# Cleavage



## Barbsjw (Mar 17, 2020)

Do other ladies here have problems with cleavage? I find because I'm so busty (44DDD) that it's difficult to NOT have cleavage.


----------



## LisaLouSSBBW (May 21, 2020)

Girl yes. And people are always saying something about it, whether positive or negative, and it’s exhausting to deal with.


----------



## voluptuouslover (Nov 2, 2020)

Cleavage is such a Beautiful womanly thing. I understand you may feel frustrated with the comments (either good or bad) but it truly is such a beautiful womanly thing. I am very much an appreciated of cleavage.


----------



## extra_m13 (Nov 19, 2020)

a nice cleavage is a fantastic thing for us to enjoy but as we can see it requires some work from our female counterparts ! thank you ladies


----------



## Barbsjw (Feb 13, 2021)

Breastfeeding has only made my cleavage MORE prominent! I'm up to 48 FFF!


----------



## loopytheone (Feb 13, 2021)

I'm a little bemused as to what the problem with cleavage is? It's just your boobs pressing together, it's natural.


----------



## Barbsjw (Feb 13, 2021)

@loopytheone it's because sometimes men leer at you, plus it's considered unprofessional in work environments.


----------



## loopytheone (Feb 13, 2021)

The latter is so odd to me. Maybe that is an american thing, coz I don't see how a natural body part can be unprofessional. Low cut tops are, but that's a different issue really, hah.


----------



## Jay_cm (Feb 13, 2021)

Barbsjw said:


> Breastfeeding has only made my cleavage MORE prominent! I'm up to 48 FFF!

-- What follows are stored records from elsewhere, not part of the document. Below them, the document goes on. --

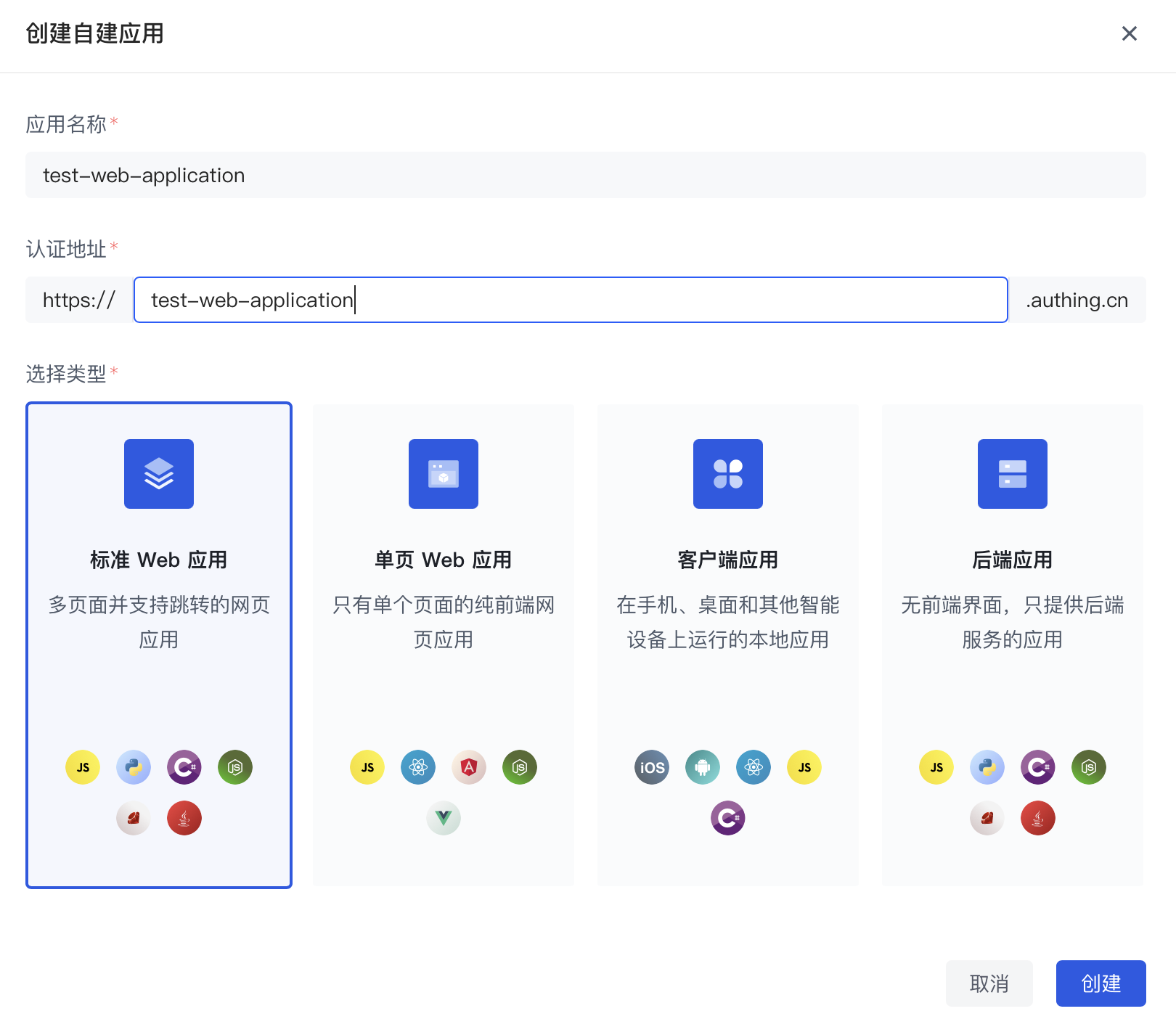 - 填写应用名称和认证地址、选择标准 Web 应用
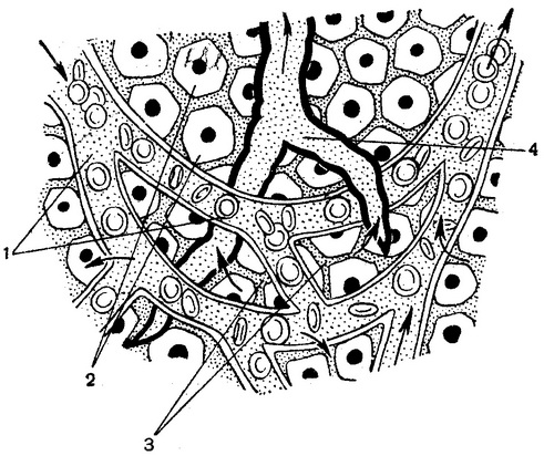 Рис. 20. Схема утворення тканинної рідини (малюнок на дошці): 1 - кровоносні капіляри, 2 - клітини; 3 - міжклітинний простір; 4 - лімфатичний капіляр
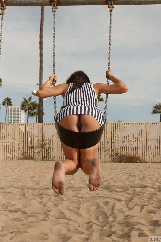 Сексуальная девушка гуляет по пляжу и спуская трусики показывает нам свою попу с аппетитными ягодицами. Милашка очень соблазнительна и каждое новое фото с ней возбуждает пуще предыдущего. К тому же модель постоянно пытается заигрывать со своими зрителями, от чего смотреть на неё без возбуждения практически невозможно...
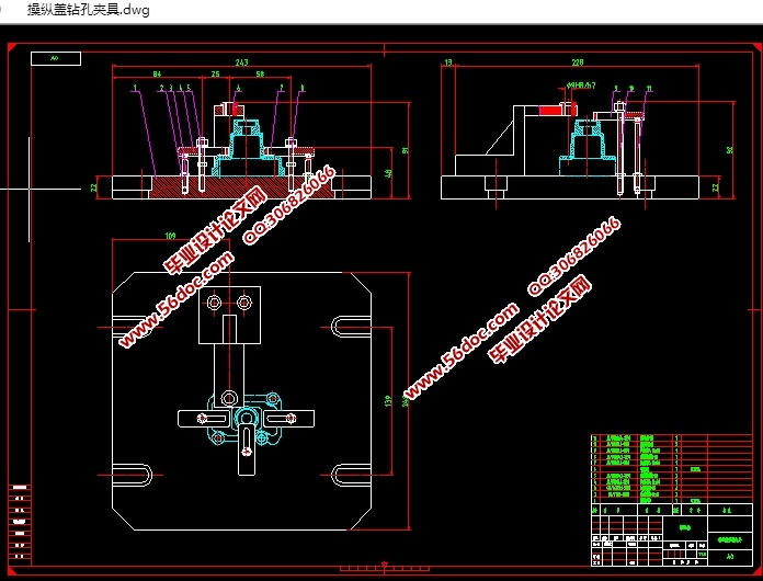 本次设计的主要内容是操纵盖加工工艺规程及 孔钻孔夹具的设计。操纵盖主要是用在汽车变速器上面,其主要加工表面及控制位置为长度为97的底部大端面和 以及 。由零件要求分析可知,保证 孔的精度尺寸的同时应该尽量保证其与底部大端面的垂直度,这对于后工序装配和总成使用上来说都有重要影响。所以,工序安排时,采取以97的底部大端面粗定位夹紧加工后,对 孔进行钻削加工同时成型。因其粗糙度为Ra12.5,可通过钻、绞孔来满足。对于钻 孔时,主要以操纵盖的97的底部大端面定位,控制其自由度,以达到加工出来的产品满足要求并且一致性好的目的。本文的研究重点在于通过对操纵盖的工艺性和力学性能分析,对加工工艺进行合理分析,选择确定合理的毛坯、加工方式、设计高效、省力的夹具,通过实践验证,最终加工出合格的操纵盖零件。

Hi, Sorry, I know this is a really old post but I'm still tying to figure out how this forum works.

The reason Im writing is becauseI was just so dumbfounded by that number (48FFF).

Its so big my mind cannot even process it, does sound like a lot of work though (must get on the way of everything).


----------



## LarryTheNoodleGuy (Feb 13, 2021)

It is very odd, our relationship to the human body, yes? For instance, in today's society, very tight jeans, fine. Camel-toe? Faux pas. Boobs? They feed children. You can do a Wendy O. Williams and cover the nipples with black tape, but expose that nipple? Public outcry! Feeding said children in a public place? HOW DARE YOU?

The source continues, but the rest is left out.